Porto Seguro Winning Solution -- Representation learning


(Louis Guthmann) #1

Hi,

The porto seguro competition is just over and the winning solution involved a very interesting non supervised approach for Tabular Dataset. Michael Jahrer, the winner, was also among the members of the winning team of the last 2009 Netflix competition.

We could implement this denoising approach to the structured api in a way similar to LanguagModel in NLP.


Wiki: Lesson 6
(Jeremy Howard) #2

This is absolutely fascinating. He’s invented a whole new important technique - semi-supervised learning for structured data. Really really cool. Thanks for sharing!


(sergii makarevych) #3

Mind blowing reading. There is no spoon :sunglasses:

  • Everything I’ve done here end-to-end was written in C++/CUDA by myself
  • Since NIPS2016 I was able to code GANs by myself

(Kevin Bird) #4

The critical part here is to invent the noise. In tabular datasets we cannot just flip, rotate, sheer like people are doing this in images. Adding gaussian or uniform additive / multiplicative noise is not optimal since features have different scale or a discrete set of values that some noise just didnt make sense. I found a noise schema called “swap noise”. Here I sample from the feature itself with a certain probability “inputSwapNoise” in the table above. 0.15 means 15% of features replaced by values from another row. Two different topologies are used by myself. Deep stack, where the new features are the values of the activations on all hidden layers. Second, bottleneck, where one middle layer is used to grab the activations as new dataset. This DAE step usually blows the input dimensionality to 1k…10k range.

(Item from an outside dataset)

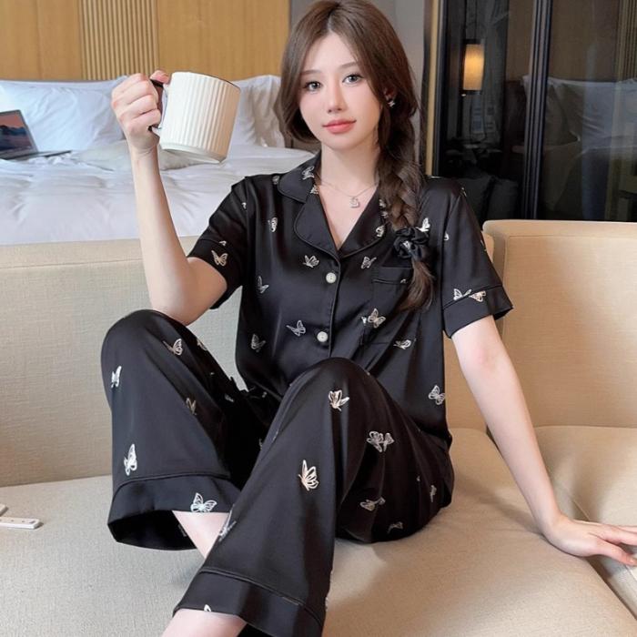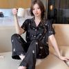 Летняя пижама, женский шелковый атласный пижамный комплект, топы с короткими рукавами, комплект из двух предметов, одежда для сна, домашняя одежда, пижама на пуговицах

So is this basically just saying to augment the data by taking different values from the column and replacing the values with one of those values instead in 15% of the rows? So is this basically how to manipulate data when it’s not an image and nice and pixely?


(Louis Guthmann) #5

I actually tried something similar, some kind of knowledge distillation but I could not pull it off.
I think I introduced leakage by using too many example from the previous model.

His solution is simply amazing :slight_smile:


(sergii makarevych) #6

Can you please share some links to articles about these autoencoders etc. I am complete newbie here.


(Devan Govender) #7

Agree, it is an innovative solution.

Ian Goodfellow presented a comprehensive semi-supervised GAN tutorial in the Udacity DL course. This was based on unstructured data.

I was able to convert that DCGAN-type architecture into a GAN with fully-connected layers for the Porto Seguro project but failed miserably at interpreting the output.


(Ben Eacrett) #8

Thank you so much for linking this - covers exactly what I’ve been looking for this week!


(Jeremy Howard) #9

I just did a search and couldn’t find any useful tutorials online :frowning: I’ll try to briefly cover it on Monday - remind me if I forget (cc @yinterian)


(Kerem Turgutlu) #10

Here is a useful resource for DA s: http://deeplearning.net/tutorial/dA.html

I am now replicating this approach, I have question about training the autoencoder. Should we still have a training and validation set and choose best representations based on the lowest validation loss ?

Thanks


(Kerem Turgutlu) #11

And another doubt I have in mind is this part:

The best what I found during the past and works straight of the box is "RankGauss". Its based on rank transformation. First step is to assign a linspace to the sorted features from 0..1, then apply the inverse of error function ErfInv to shape them like gaussians, then I substract the mean

But I get gaussian dist when I do something like this:

def to_gauss(x): return np.sqrt(2)*erfinv(x) 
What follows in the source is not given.